Dr Jennie Mallela, from the ANU Research School of Biology and the Research School of Earth Sciences, researches environmental ecology. She has just returned from fieldwork on Christmas Island.

  • On Christmas Island I’ve been collecting coral cores to reconstruct climate change. We got a 2.7-metre core, which in theory should represent 270-ish years of data, which is very cool.
  • The camera casing is for recording video transects for my research on coral reef recovery after bleaching. Christmas Island is actually a good news story, because the coral is coming back.
  • The sediment samples I’m going to analyse for presence of microplastics. There pretty much isn’t a beach in the world that doesn’t have plastic in the sand, and I want to see if it’s making its way all the way down to the reef.
  • The dinosaur tail is because I always like to have toys on me to entertain my son or any kids who are hanging around.
  • The dive knife is to collect samples or to free myself from fishing line. And often when I stay places they have rubbish knives so I use it for cutting my food too.

Dr Alexandra Webb researches and teaches anatomy at the ANU Medical School and the ANU Research School of Biology, and leads technology-enhanced learning and teaching in the medical program.

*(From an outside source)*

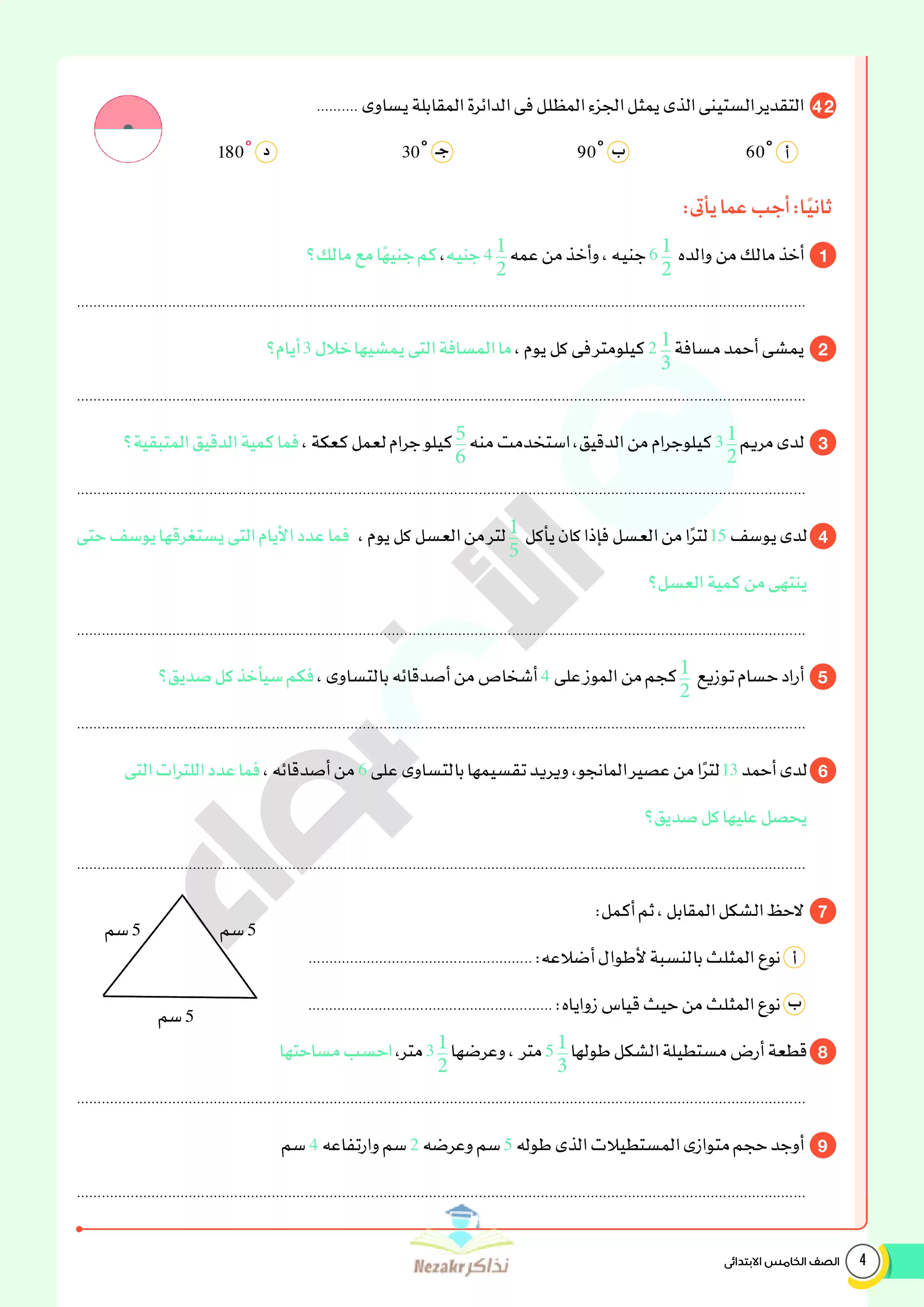 صفحة 4 من 26 صفحة من ملف: نماذج اختبارات ومراجعة الأضواء النهائية في الرياضيات للصف الخامس الابتدائي الترم الثاني 2025 - Nezakr

  • Why do I need so many USBs? Because I collect information! For my research I use MRI data and that takes up a lot of space. We also do micro-CT models of different body parts which we use to make virtual reality, interactive touch screen and 3D printed models. Having access to this kind of technology means students can prepare before they come into the anatomy lab and maximise the hands-on time they have with the specimens.
  • The games are for playing with my nine-year-old daughter, who is very accommodating of my work life.
  • The pencils are for me! We do a lot of colouring and drawing in our anatomy classes to see visually how the different structures of the body fit together.
  • The flyer for the Exquisite Corpse exhibition comes from a cross-disciplinary art and anatomy course which I convene. We use visual art techniques to learn anatomy, and also use anatomy to enhance the art students’ understanding of the human body. Then the artists and the scientists have an exhibition at the end.